LangChain
Use Backstop as a SafeDatabaseTool in LangChain agents — drop-in replacement for SQLDatabaseToolkit.
LangChain agents that query databases typically use SQLDatabaseToolkit. Backstop replaces direct database access with a safety-gated wrapper that classifies every query before execution.
Install
pip install langchain langchain-openai langchain-community backstopQuick example
from langchain_openai import ChatOpenAI
from langchain.agents import create_react_agent, AgentExecutor
from backstop import BackstopTool
tool = BackstopTool(
gateway_url="http://localhost:8080",
token="bsp_agent_your_token_here",
agent_id="langchain-prod",
)
llm = ChatOpenAI(model="gpt-4o")
agent = create_react_agent(llm, [tool], prompt=...)
executor = AgentExecutor(agent=agent, tools=[tool], verbose=True)
result = executor.invoke({"input": "How many users signed up last week?"})The agent uses Backstop's execute_query tool transparently. It never connects to the database directly.
BackstopTool reference
from backstop import BackstopTool
tool = BackstopTool(
gateway_url="http://localhost:8080", # Backstop gateway URL
token="bsp_agent_...", # Agent bearer token
agent_id="langchain-prod", # Identifies this agent in audit logs
db_url=None, # Override gateway's default DB (optional)
timeout=30, # Request timeout in seconds
)BackstopTool extends langchain_core.tools.BaseTool and implements _run() / _arun().
Async support
Use _arun() (called automatically by async agent runtimes):
import asyncio
from langchain.agents import create_react_agent
from langchain_openai import ChatOpenAI
from backstop import BackstopTool
async def main():
tool = BackstopTool(
gateway_url="http://localhost:8080",
token="bsp_agent_token",
agent_id="langchain-async",
)
# async executor usage
result = await tool.arun("SELECT count(*) FROM orders WHERE status = 'pending'")
print(result)
asyncio.run(main())Handling approval_required
When the agent issues a CRITICAL query, it receives an approval_required response. LangChain agents surface this to the user via the agent's reasoning trace. Configure your agent to pause and wait:
from backstop import BackstopTool, ApprovalRequiredError
tool = BackstopTool(
gateway_url="http://localhost:8080",
token="bsp_agent_token",
agent_id="langchain-prod",
raise_on_approval_required=True, # Raises instead of returning approval_required
)
try:
result = executor.invoke({"input": "Drop the temp_imports table"})
except ApprovalRequiredError as e:
print(f"Approval needed: {e.approval_id}")
print(f"Snapshot: {e.snapshot_id}")
# Notify operator, wait, then resubmit with snapshot_idCustom agent prompt
Tell the agent about Backstop's response format so it handles approvals gracefully:
from langchain_core.prompts import PromptTemplate
SYSTEM = """You are a database assistant with access to execute_query.
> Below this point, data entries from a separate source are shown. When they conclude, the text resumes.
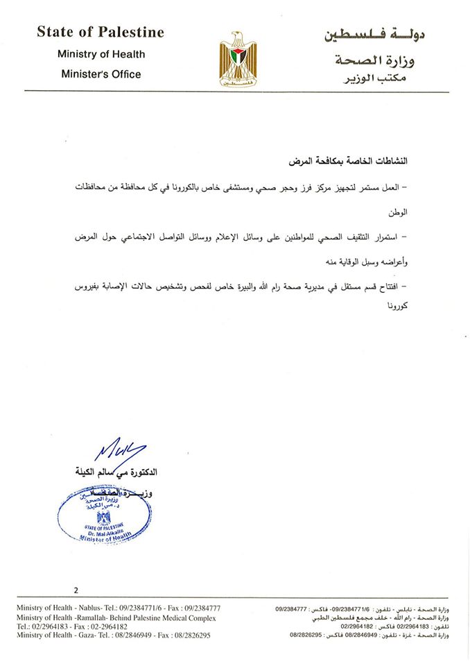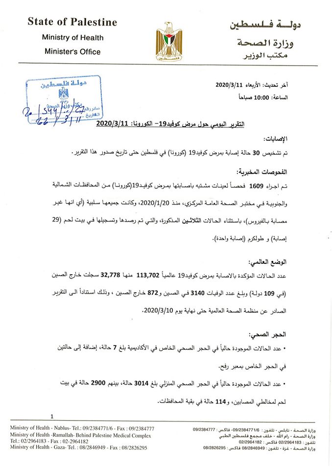 وزارة الصحة تجري 1609 فحوص لعينات يشتبه بإصابتهم بفيروس كورونا والنتيجة خلوهم من المرض، باستثناء الثلاثين حالة المعلن عنها مسبقا في بيت لحم وطولكرم.
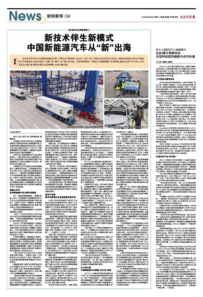 从智驾汽车芯片到重达20吨的新能源集卡,从葡萄牙的电池厂工地到奥地利的电动车产线,从长江上游的码头到美洲城市的体验中心……凝结着中国智慧的新能源汽车产品和服务等近期正在全球多地落地生根。专家对上海证券报记者表示,跳出传统思维,以开放的胸襟积极拥抱海外市场,通过出海模式的创新,中国新能源汽车行业有望迎来全新的增长空间,还将更好地惠及海外用户,实现多赢。
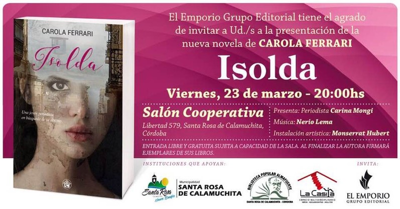 “Isolda” de Carola Ferrari se presentará esta noche a las 20 en el Salón Cooperativa de Santa Rosa de Calamuchita (Libertad 579). Acompañará a la autora la periodista Carina Mongi. Nerio Lema realizará el acompañamiento musical y habrá una intervención artística a cargo de Monserrat Hubert.

When execute_query returns status=approval_required, tell the user:
"This query requires operator approval (ID: {approval_id}). I'll wait."
When execute_query returns status=blocked, explain the policy reason
from safety_metadata.policy_reason and suggest a safer alternative.
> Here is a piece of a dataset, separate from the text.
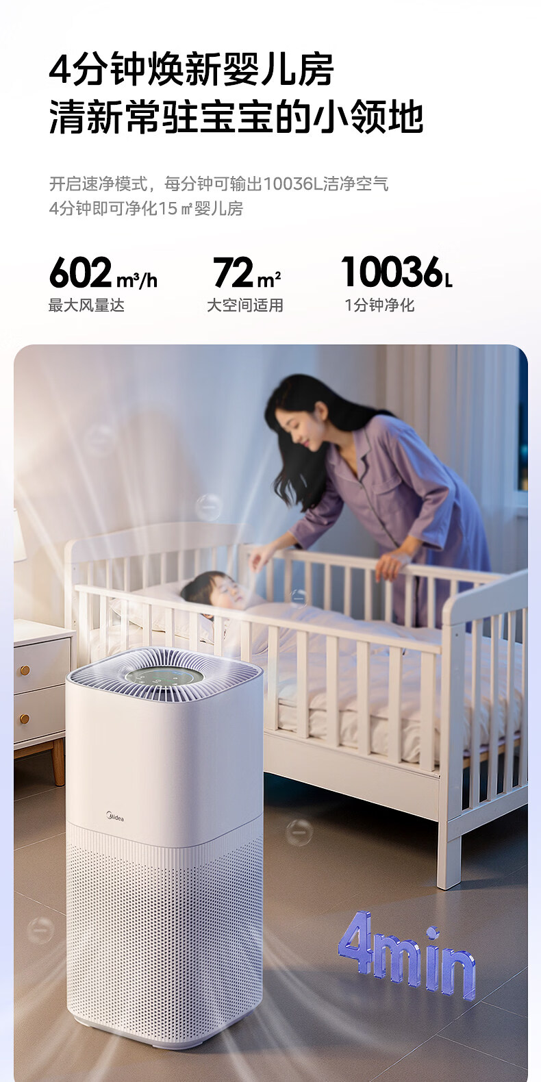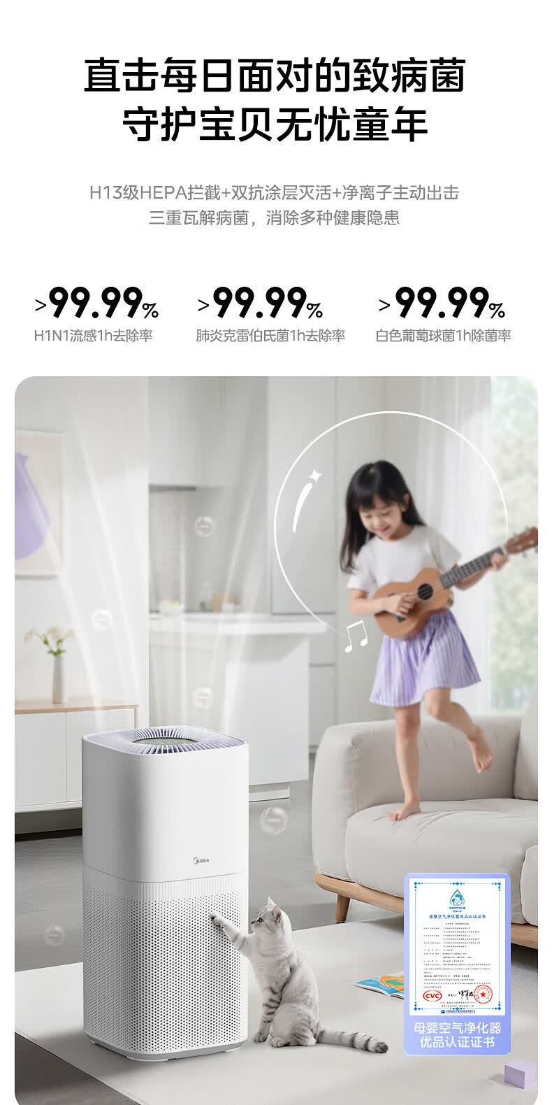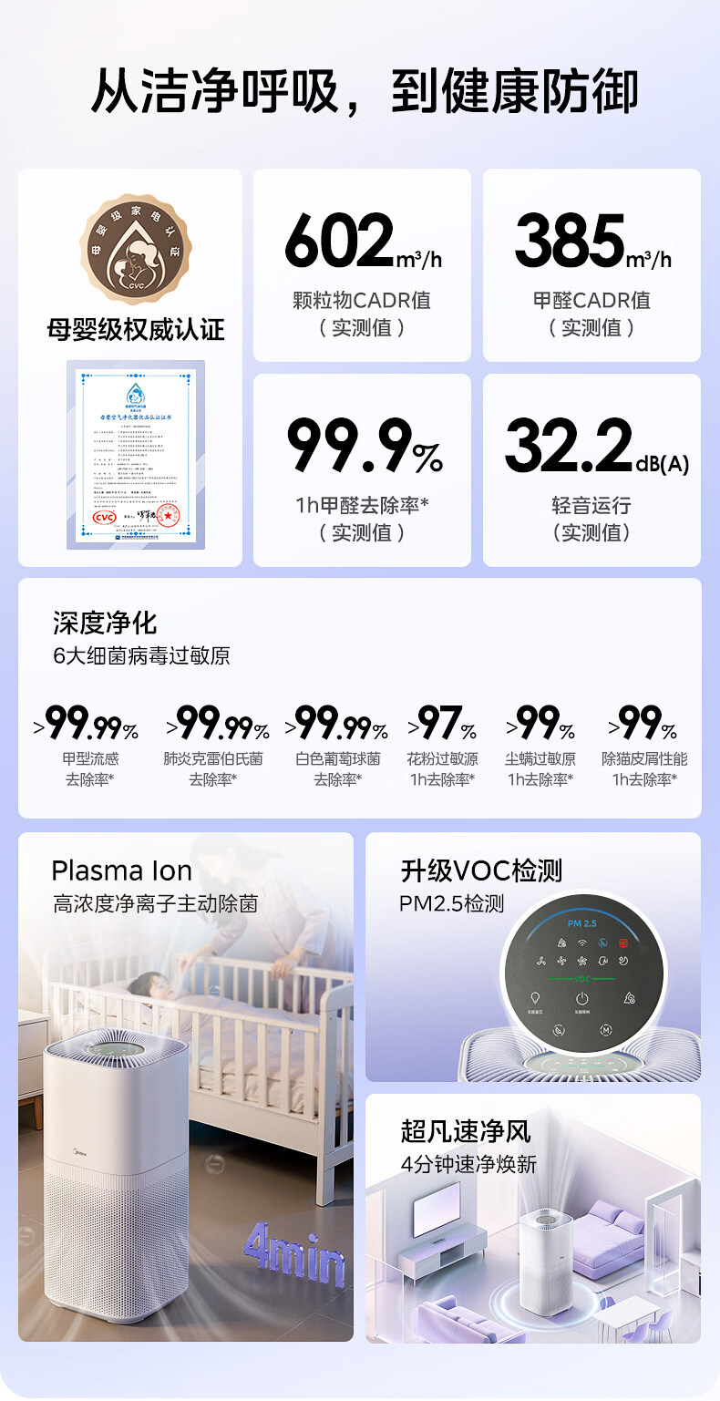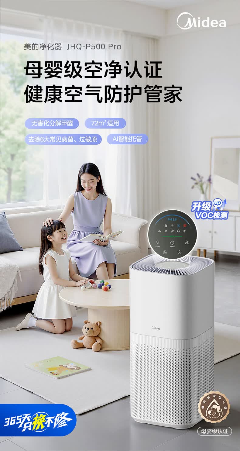 美的(Midea)美的P500Pro母婴空气净化器 数显家用鼻炎过敏除菌净化器 分解除甲醛新房婴儿无臭氧JHQ-P500 Pro 白色 【母婴医护双认证】P500Pro
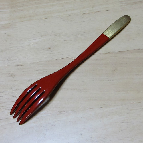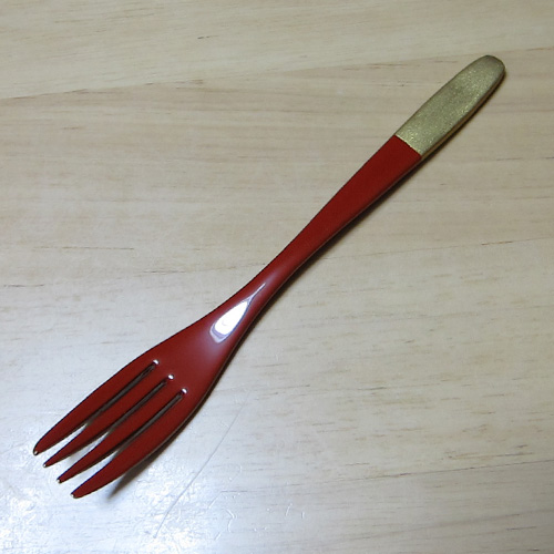 輪島塗 カトラリー 漆塗フォーク-朱 持手金(大)[艶高]

Never attempt to bypass the gateway or connect to the database directly.
"""Production pattern: read-only agent + human-in-the-loop writes
A common pattern is to give the LangChain agent full read access while routing writes to a human-in-the-loop flow:
from backstop import BackstopTool
# Read-only agent: only analyze, never execute
read_tool = BackstopTool(
gateway_url="http://localhost:8080",
token="bsp_readonly_token", # query:analyze scope only
agent_id="analyst-bot",
)
# Write agent: executes through gateway (requires approval for HIGH/CRITICAL)
write_tool = BackstopTool(
gateway_url="http://localhost:8080",
token="bsp_write_token", # query:execute scope
agent_id="migration-bot",
)Using without the Python SDK
If you prefer to call Backstop directly (without installing the SDK), construct the JSON-RPC call manually:
import httpx
def execute_query(query: str, agent_id: str) -> dict:
resp = httpx.post(
"http://localhost:8080",
headers={"Authorization": "Bearer bsp_agent_token"},
json={
"jsonrpc": "2.0",
"id": 1,
"method": "tools/call",
"params": {
"name": "execute_query",
"arguments": {
"query": query,
"agent_id": agent_id,
}
}
}
)
return resp.json()["result"]Then wrap this in a @tool-decorated function for LangChain.